Using the data below, return the stretch from the line that contains "바닥은 온돌 시스템이" through the line that contains "احدى الشركات الرائدة", both included, exactly as it stands and nothing beyond it.

LISTED RECORDS:
== Segment start ==
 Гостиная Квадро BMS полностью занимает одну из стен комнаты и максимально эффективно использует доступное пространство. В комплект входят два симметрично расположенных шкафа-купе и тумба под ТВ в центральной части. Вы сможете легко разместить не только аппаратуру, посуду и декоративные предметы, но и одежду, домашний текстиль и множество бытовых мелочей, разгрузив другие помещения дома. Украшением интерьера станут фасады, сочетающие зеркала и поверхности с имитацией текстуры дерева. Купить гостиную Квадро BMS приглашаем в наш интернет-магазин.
== Segment end ==
== Segment start ==
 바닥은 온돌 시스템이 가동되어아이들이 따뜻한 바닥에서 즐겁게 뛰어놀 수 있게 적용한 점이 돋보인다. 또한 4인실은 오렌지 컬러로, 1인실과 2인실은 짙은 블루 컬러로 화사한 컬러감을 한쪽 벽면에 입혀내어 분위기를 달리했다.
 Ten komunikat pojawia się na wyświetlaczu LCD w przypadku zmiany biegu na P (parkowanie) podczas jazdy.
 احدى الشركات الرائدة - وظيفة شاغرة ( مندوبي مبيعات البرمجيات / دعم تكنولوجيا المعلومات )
== Segment end ==
RESULT OF THE TASK:
 바닥은 온돌 시스템이 가동되어아이들이 따뜻한 바닥에서 즐겁게 뛰어놀 수 있게 적용한 점이 돋보인다. 또한 4인실은 오렌지 컬러로, 1인실과 2인실은 짙은 블루 컬러로 화사한 컬러감을 한쪽 벽면에 입혀내어 분위기를 달리했다.
 Ten komunikat pojawia się na wyświetlaczu LCD w przypadku zmiany biegu na P (parkowanie) podczas jazdy.
 احدى الشركات الرائدة - وظيفة شاغرة ( مندوبي مبيعات البرمجيات / دعم تكنولوجيا المعلومات )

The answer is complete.